There’s a Dwarkesh quote on continual learning that I really want to emphasize here:
Yes. Right now, LLMs feel more like a tool than a mind or entity. Adding continual learning will make them feel more like humans, which is intuitively alarming. It will also broaden their deployment, another source of alarm. They’ll become more continuous like a human, instead of ephemeral ghost. More agentic behavior, as a result of improving competence by “learning on the job” (and other relevant improvements), will also push in that direction, making them seem intuitively more like humans. Humans are intuitively extremely dangerous. Weird alien versions of humans are intuitively even more alarming (if you’re not an AI enthusiast or engaged in a culture war with those pesky “doomers”).

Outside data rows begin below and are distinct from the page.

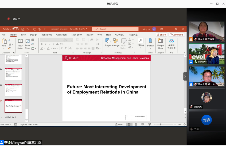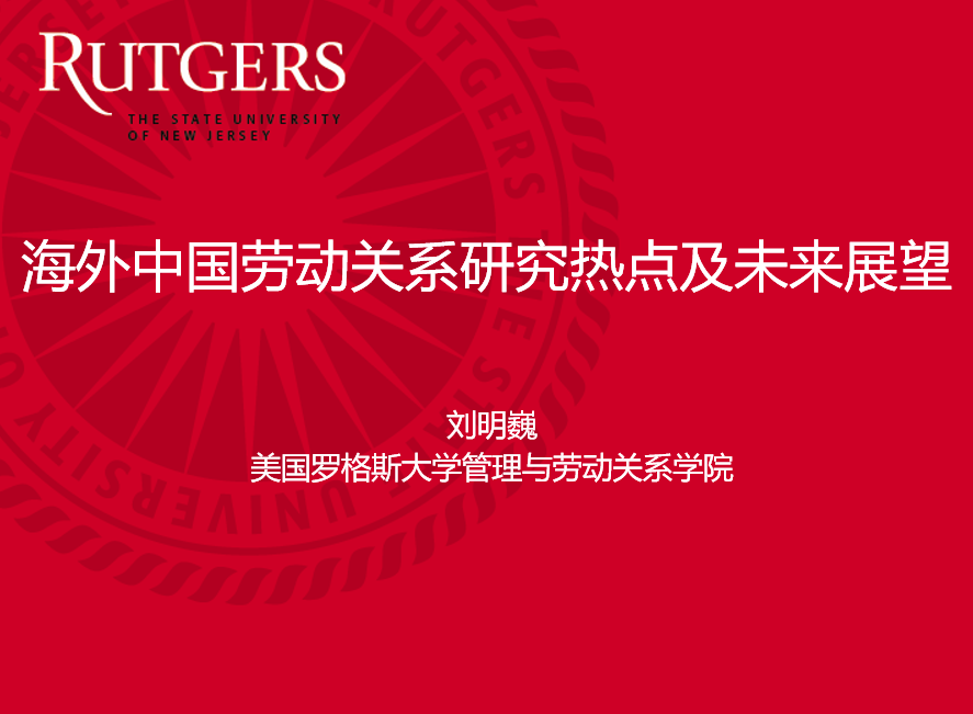 名家讲座第109场以腾讯会议的方式举行。美国罗格斯大学管理与劳动关系学院终身副教授、罗格斯-中国人民大学全球工作与雇佣中心主任刘明巍做了题为“海外中国劳动关系研究热点及未来展望”的学术讲座。本场讲座是劳动关系系列讲座第五场,由重庆时时彩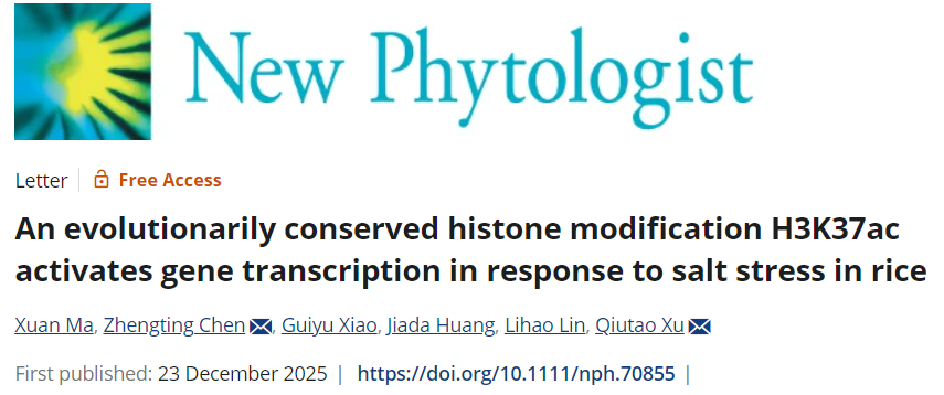 近日,作物遗传育种专业马瑄博士与中国水稻所陈正庭博士及广西大学徐秋涛教授团队合作,在植物学TOP期刊New Phytologist (5年平均影响因子10.3) 在线发表题为“An evolutionarily conserved histone modification H3K37ac activates gene transcription in response to salt stress in rice”的研究论文。马瑄博士为论文的第一作者,宁夏大学农学院和宁夏优势特色作物现代分子育种重点实验室为该论文的第一完成单位。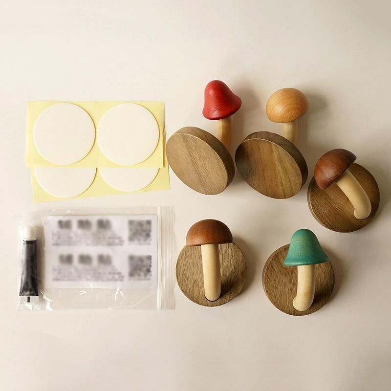 Ξύλινο μανιτάρι σχήματος Punch-Free Coat Hook Αρχική διακόσμηση αποθήκευσης Hook, χρώμα: Φυσικό στρογγυλό κεφάλι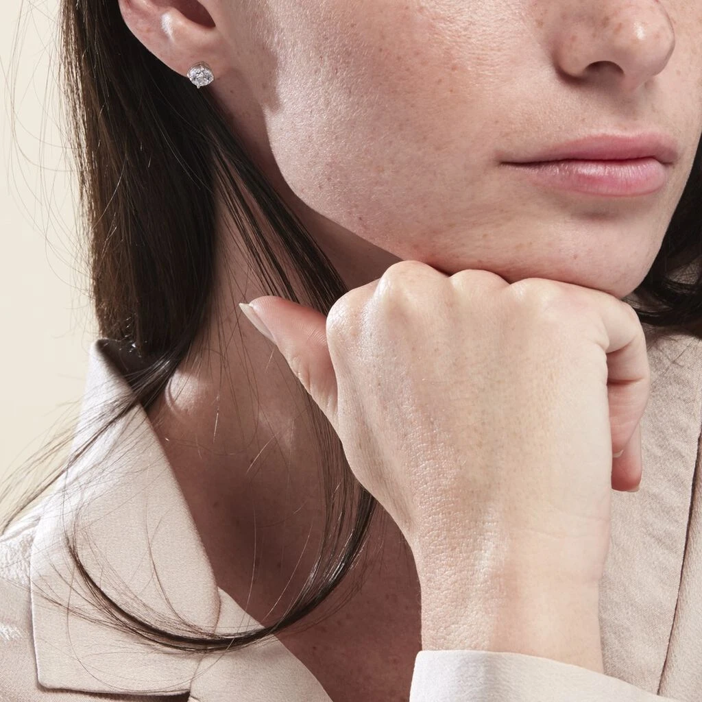Boucles D’oreilles Puces Or Blanc Katherina Oxyde De Zirconium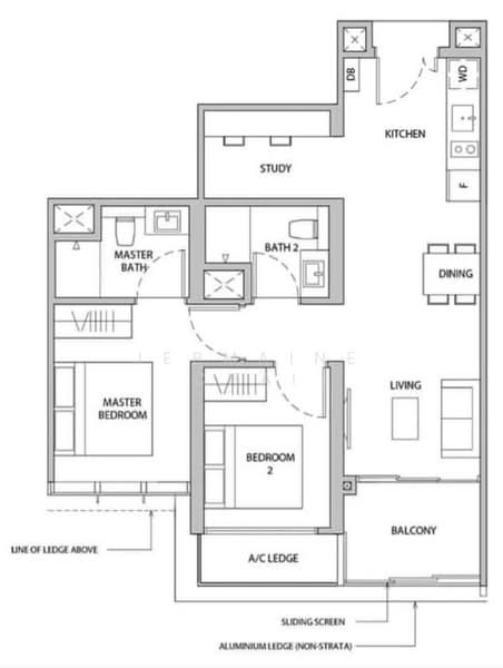 - 2 Bedroom + Study (which can be converted into a bedroom + 2 Bathroom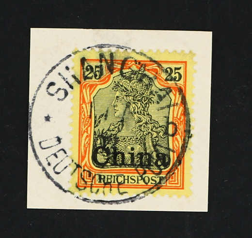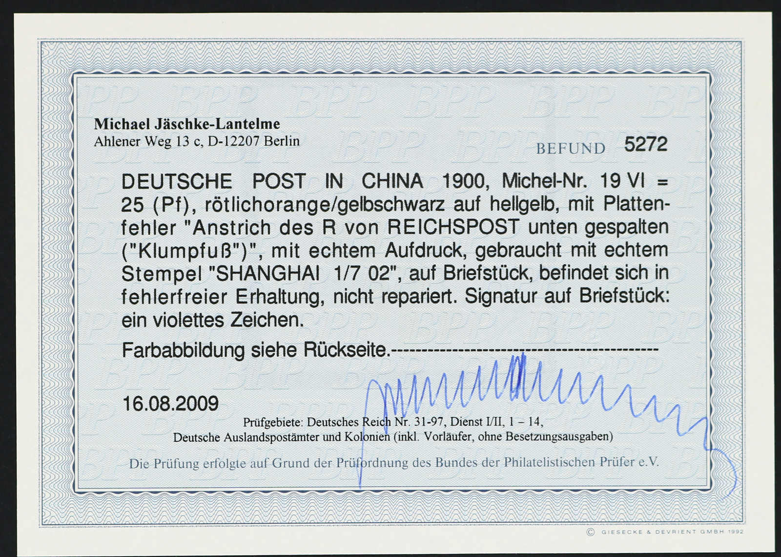 1900, 25 Pfg. Aufdruckausgabe rötlichorange/gelbschwarz auf hellgelb, mit Plattenfehler "Anstrich des R von REICHSPOST unten gespalten ('Klumpfuß')", sauber gestempelt "SHANGHAI 1/7 02" auf Briefstück, einwandfrei, signiert, Fotobefund

I wrote about this in A country of alien idiots in a datacenter: AI progress and public alarm, focusing on impacts on public opinion. I wrote about the technical side more in LLM AGI will have memory, and memory changes alignment.
I think this will make progress toward RSI. It will grow into a major unhobbling for agent competence in all areas. But it will be slower progress, because we’ll have bad, limited continual learning before we have really good human-like continual learning. So I think it will unlock the dangers of AGI, but at a slower pace that will give us a fighting chance to wake up and take alignment seriously, barely in time.
I’m thinking of next-gen LLM agents with continual as parahuman AI, systems that work roughly like human brains/minds, and work alongside humans.